── RECORDS PROVIDED ──

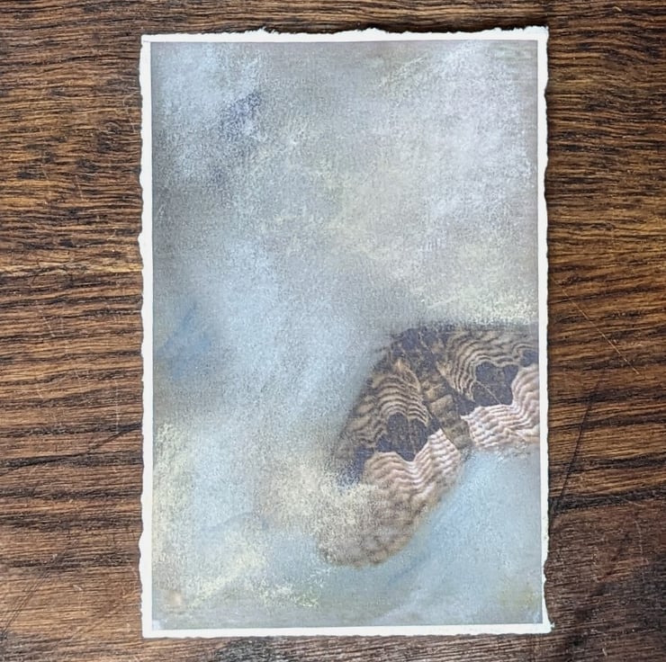 I had to cancel my membership at the local printmaking studio, and I didn't have any presses if my own. I wanted to print make in some way. The only thing I had in my studio that could replicate images was a cheap all in one printer, I'm a bit of a traditionalist and love using physical media over digital and didn't want to just print out something I did on the computer, that's where the watercolour, pastel and real objects came in.
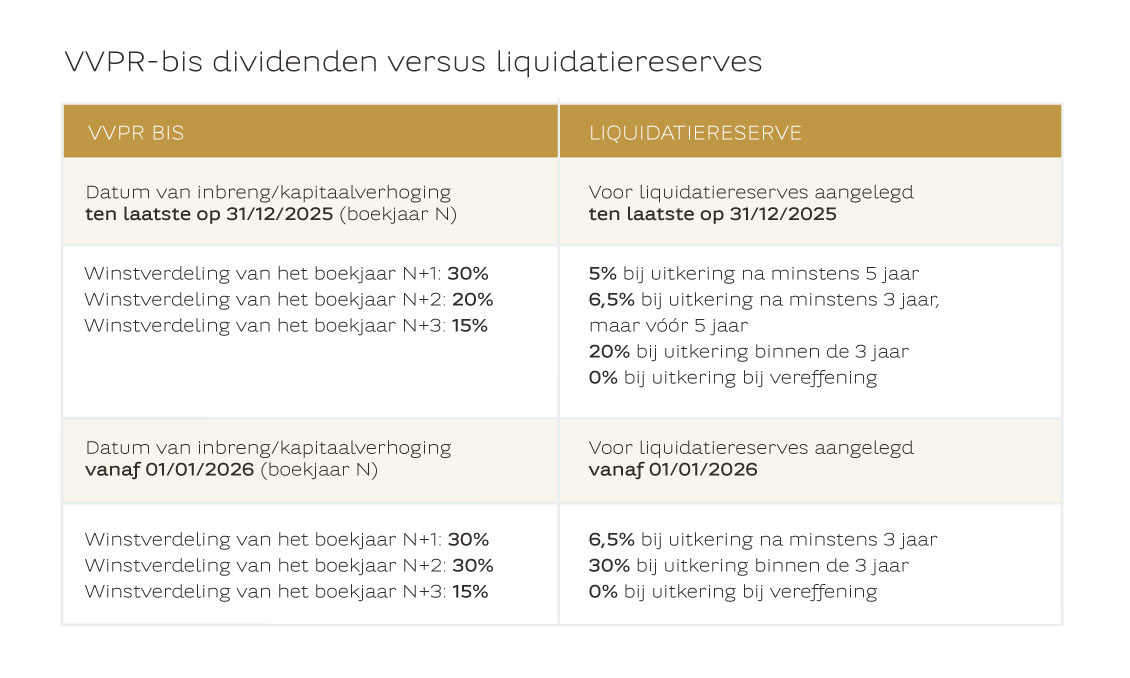 Het VVPR-bis regime is van toepassing voor dividenden van aandelen die uitgegeven zijn na 1 juli 2013 door middel van een kapitaalinbreng of -verhoging (in geld). Na een specifieke wachttermijn vallen de uitgekeerde dividenden onder een verlaagde roerende voorheffing van 15%. Voor aandelen uitgegeven tot 31 december 2025 blijven de oude wachttermijnen van toepassing.
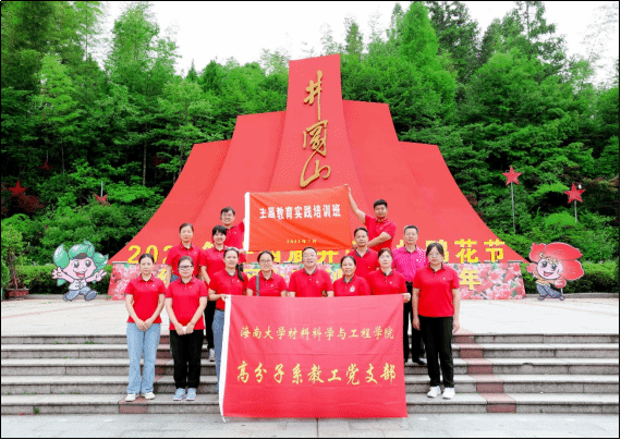 为深入学习贯彻习近平新时代中国特色社会主义思想精神,弘扬“坚定信念、艰苦奋斗、实事求是、敢闯新路、依靠群众、勇于胜利”的井冈山精神,传承老一辈伟大的爱国主义、革命主义精神,潜心向老一辈无产阶级革命者学习,高分子系教工党支部2023年7月6日至7月9日赴中国革命的摇篮——井冈山革命根据地开展了主题教育学习实践活动。首先启动了开班仪式,党员代表周远兵与张雪巍老师庄严受班旗,张晖老师代表全体学员进行了发言。
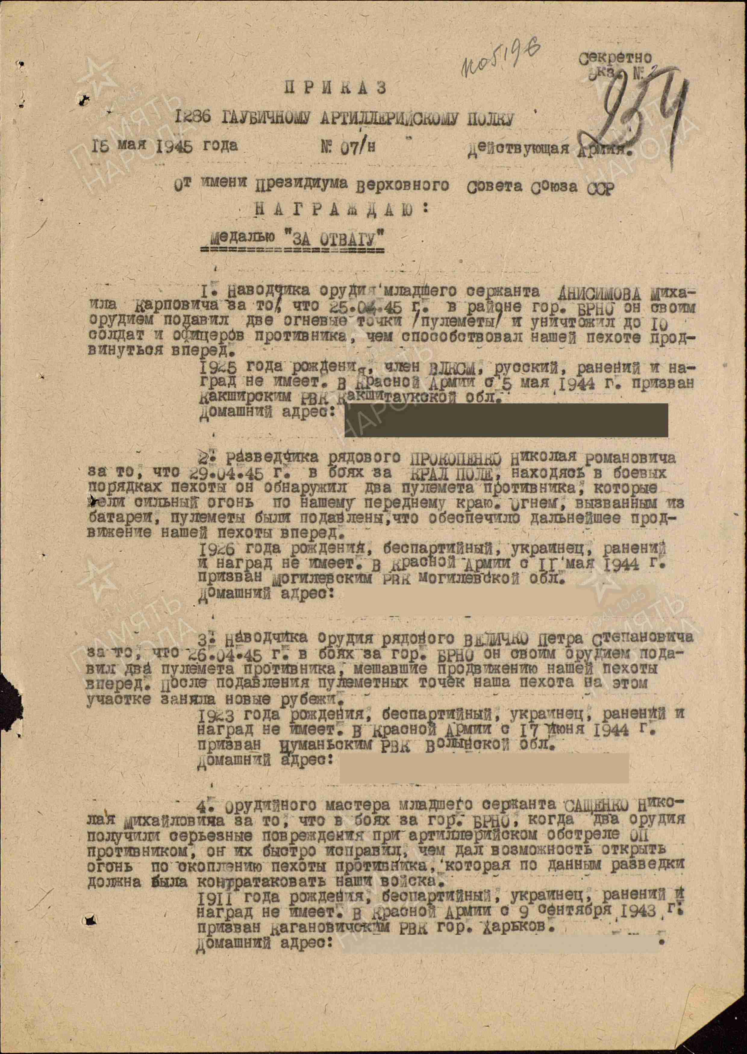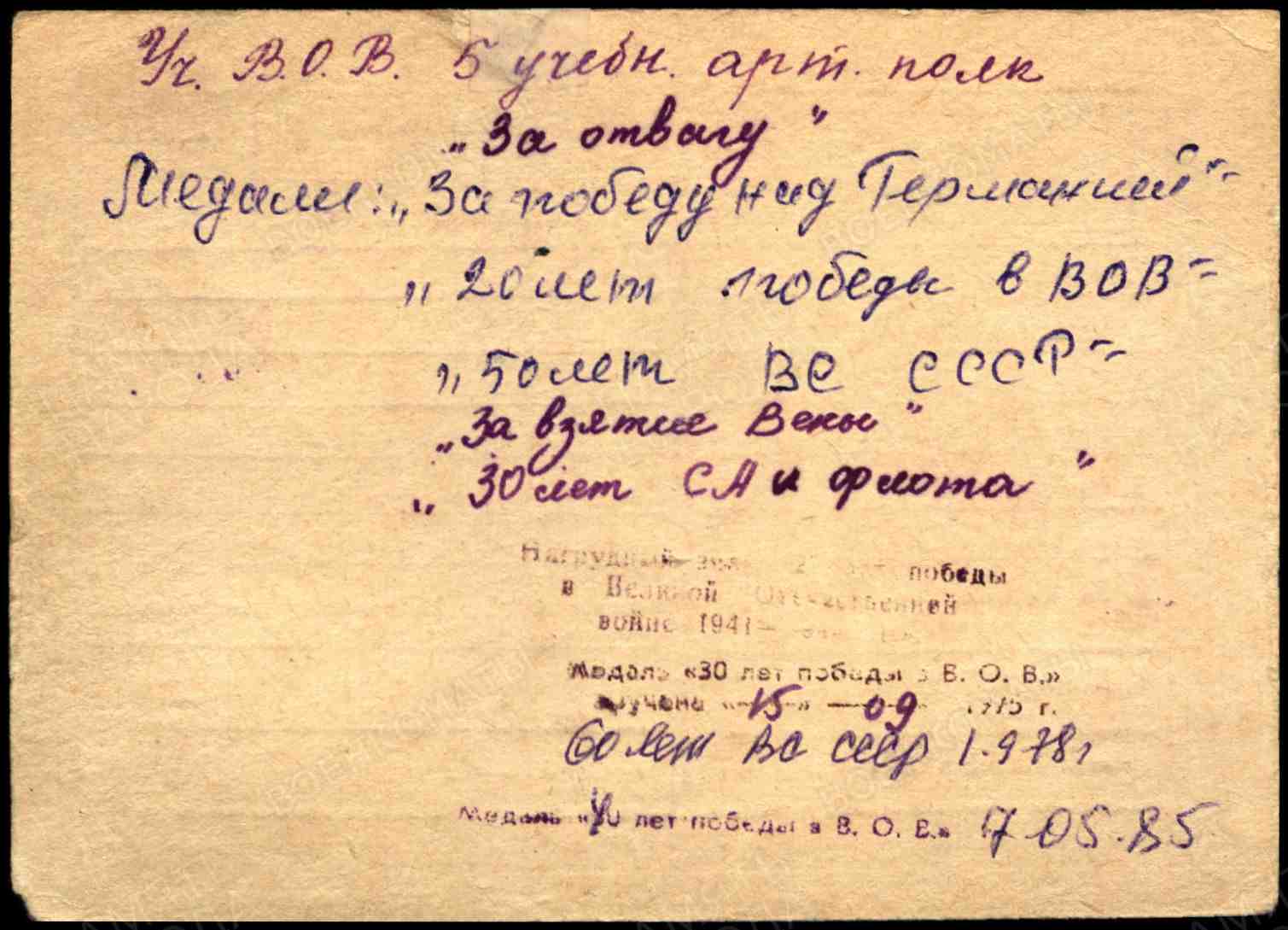 Призван Какширским РВК, Какшитаукская области. Воинское звание мл. сержант –наводчик. Воинская часть 1286 гаубичный артиллерийский полк 2 Украинский фронт. Участвовал в боях за овладение городом Брно на территории Чехословакии.
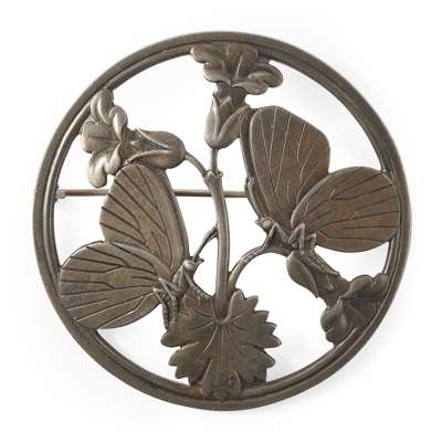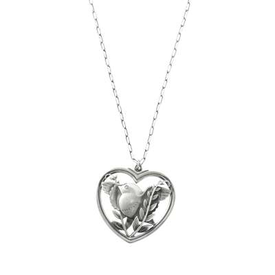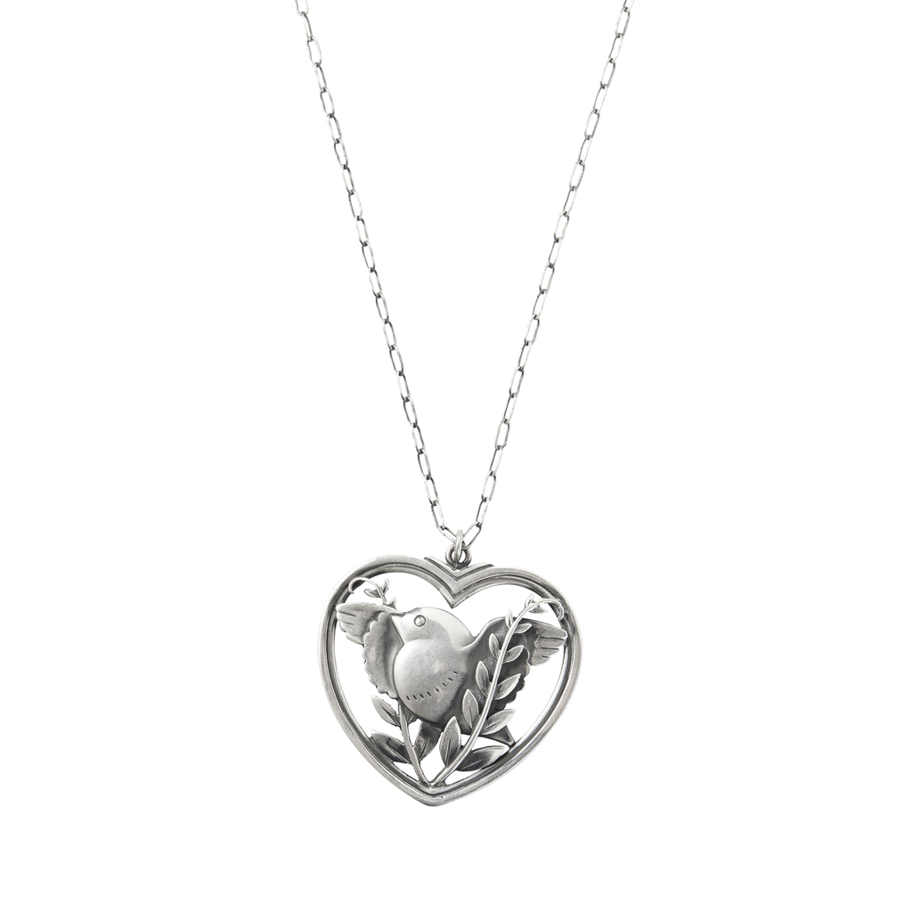 designed as a songbird within a heart, with link chain, stamped maker's marks GEORG JENSEN/ 925/ STERLING DENMARK/ 97, 4cm long; and a GEORG JENSEN & WENDELSTERLING SILVER BROOCH, CIRCA 1940, opposing butterflies , stamped maker's marks GEORG JENSEN & WENDEL/ STERLING/ DENMARK 283, 5.5cm diameter (2)
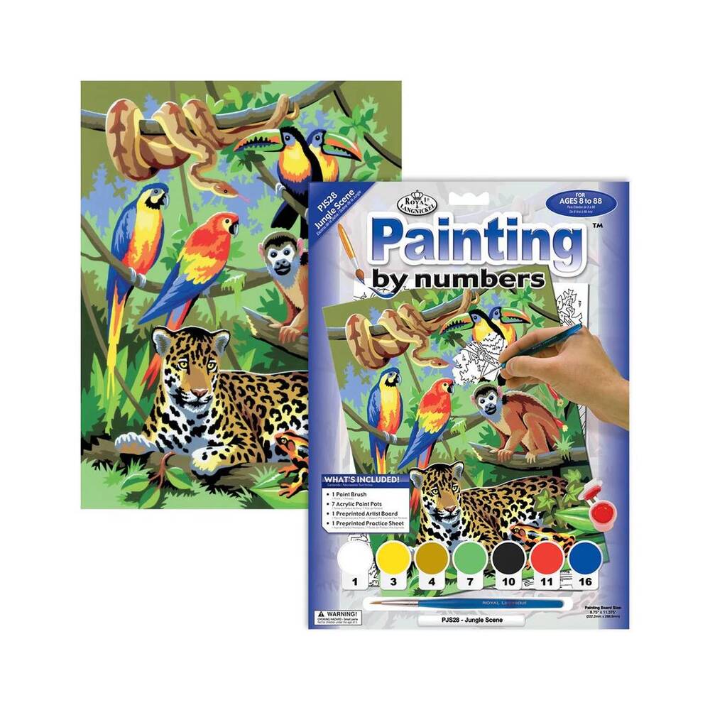 Explora la naturaleza y deja fluir tu creatividad con el Set Painting by Numbers Jungla de Royal & Langnickel. Este kit te permite pintar paso a paso una vibrante escena selvática, repleta de detalles y color, gracias a la técnica de pintar por números, ideal tanto para principiantes como para aficionados al arte.
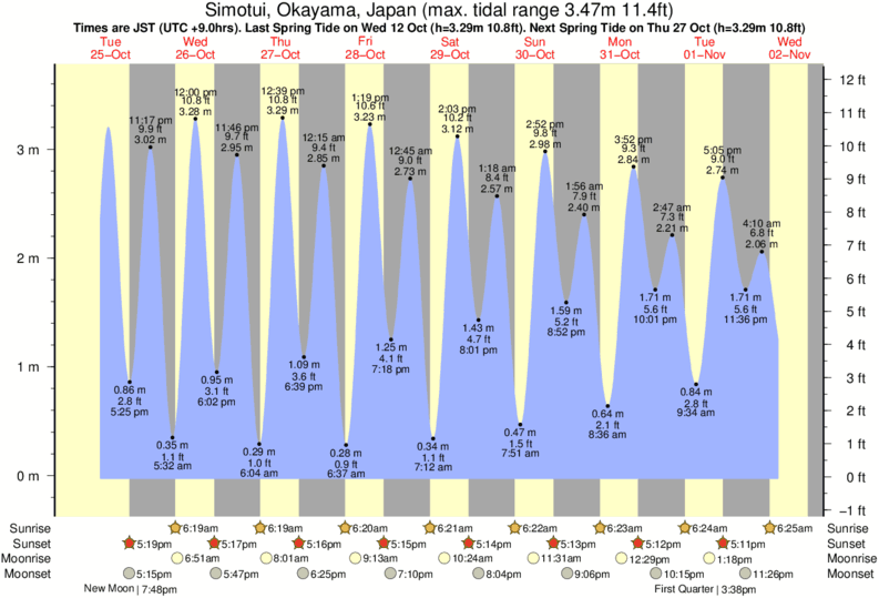 Simotui tide chart key: The tide chart above shows the height and times of high tide and low tide for Simotui, Okayama, Japan. The grey shading corresponds to nighttime hours between sunset and sunrise at Simotui.
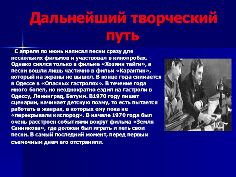 С апреля по июнь написал песни сразу для нескольких фильмов и участвовал в кинопробах. Однако снялся только в фильме «Хозяин тайги», а песни вошли лишь частично в фильм «Карантин», который на экраны не вышел. В конце года снимается в Одессе в «Опасных гастролях». В течение года много болел, но неоднократно ездил на гастроли в Одессу, Ленинград, Батуми. В1970 году пишет сценарии, начинает детскую поэму, то есть пытается работать в жанрах, в которых ему пока не «перекрывали кислород». В начале 1970 года был очень расстроен событиями вокруг фильма «Земля Санникова», где должен был играть и петь свои песни. В самый последний момент, перед первым съемочным днем его отстранили.
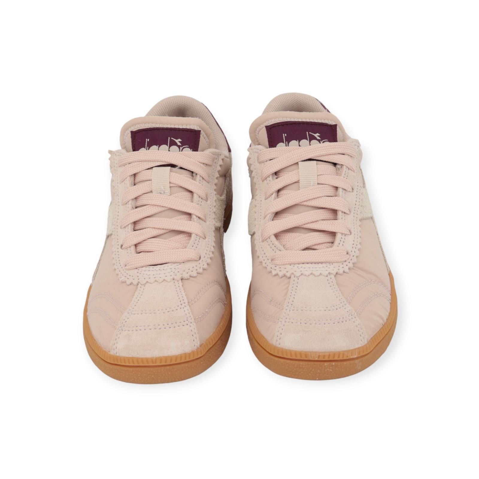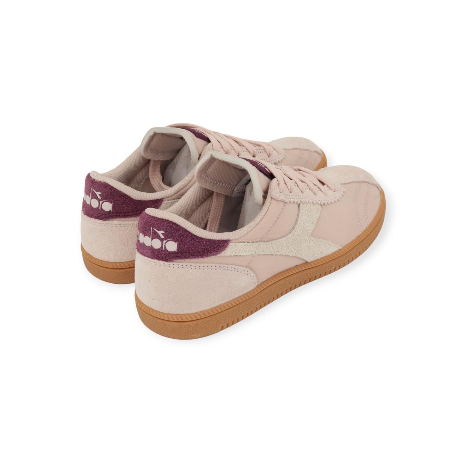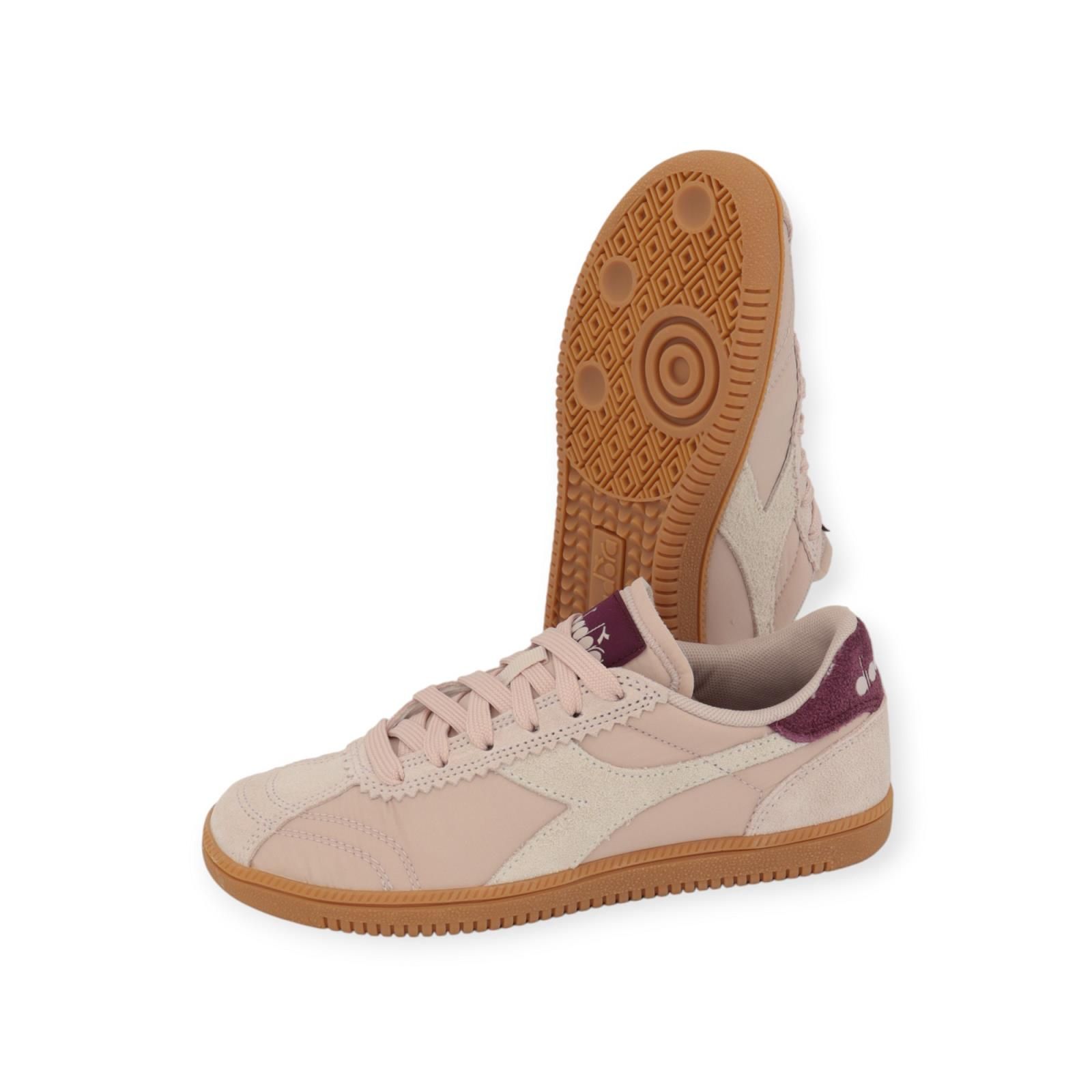 Sneaker Tokyo hit van Diadora voor dames. Deze trainer sneaker maakt een comeback in de sneakerwereld. De ‘hit’ versie is de combinatie van suède met nylo. Deze Is in roze suède met aan de zijkanten nylon en off wit diadora lijnen. De hiellip en flap is in donker roze. Het model is typerend aan hun zool: comfortabel, klassiek en een zool met handbal drukpunten.

───

### PROBLEM REQUIREMENTS:
Repeat each entry precisely as it appears. Leave the pictures out.

### ANSWER TO THIS PROBLEM:
 I had to cancel my membership at the local printmaking studio, and I didn't have any presses if my own. I wanted to print make in some way. The only thing I had in my studio that could replicate images was a cheap all in one printer, I'm a bit of a traditionalist and love using physical media over digital and didn't want to just print out something I did on the computer, that's where the watercolour, pastel and real objects came in.
 Het VVPR-bis regime is van toepassing voor dividenden van aandelen die uitgegeven zijn na 1 juli 2013 door middel van een kapitaalinbreng of -verhoging (in geld). Na een specifieke wachttermijn vallen de uitgekeerde dividenden onder een verlaagde roerende voorheffing van 15%. Voor aandelen uitgegeven tot 31 december 2025 blijven de oude wachttermijnen van toepassing.
 为深入学习贯彻习近平新时代中国特色社会主义思想精神,弘扬“坚定信念、艰苦奋斗、实事求是、敢闯新路、依靠群众、勇于胜利”的井冈山精神,传承老一辈伟大的爱国主义、革命主义精神,潜心向老一辈无产阶级革命者学习,高分子系教工党支部2023年7月6日至7月9日赴中国革命的摇篮——井冈山革命根据地开展了主题教育学习实践活动。首先启动了开班仪式,党员代表周远兵与张雪巍老师庄严受班旗,张晖老师代表全体学员进行了发言。
 Призван Какширским РВК, Какшитаукская области. Воинское звание мл. сержант –наводчик. Воинская часть 1286 гаубичный артиллерийский полк 2 Украинский фронт. Участвовал в боях за овладение городом Брно на территории Чехословакии.
 designed as a songbird within a heart, with link chain, stamped maker's marks GEORG JENSEN/ 925/ STERLING DENMARK/ 97, 4cm long; and a GEORG JENSEN & WENDELSTERLING SILVER BROOCH, CIRCA 1940, opposing butterflies , stamped maker's marks GEORG JENSEN & WENDEL/ STERLING/ DENMARK 283, 5.5cm diameter (2)
 Explora la naturaleza y deja fluir tu creatividad con el Set Painting by Numbers Jungla de Royal & Langnickel. Este kit te permite pintar paso a paso una vibrante escena selvática, repleta de detalles y color, gracias a la técnica de pintar por números, ideal tanto para principiantes como para aficionados al arte.
 Simotui tide chart key: The tide chart above shows the height and times of high tide and low tide for Simotui, Okayama, Japan. The grey shading corresponds to nighttime hours between sunset and sunrise at Simotui.
 С апреля по июнь написал песни сразу для нескольких фильмов и участвовал в кинопробах. Однако снялся только в фильме «Хозяин тайги», а песни вошли лишь частично в фильм «Карантин», который на экраны не вышел. В конце года снимается в Одессе в «Опасных гастролях». В течение года много болел, но неоднократно ездил на гастроли в Одессу, Ленинград, Батуми. В1970 году пишет сценарии, начинает детскую поэму, то есть пытается работать в жанрах, в которых ему пока не «перекрывали кислород». В начале 1970 года был очень расстроен событиями вокруг фильма «Земля Санникова», где должен был играть и петь свои песни. В самый последний момент, перед первым съемочным днем его отстранили.
 Sneaker Tokyo hit van Diadora voor dames. Deze trainer sneaker maakt een comeback in de sneakerwereld. De ‘hit’ versie is de combinatie van suède met nylo. Deze Is in roze suède met aan de zijkanten nylon en off wit diadora lijnen. De hiellip en flap is in donker roze. Het model is typerend aan hun zool: comfortabel, klassiek en een zool met handbal drukpunten.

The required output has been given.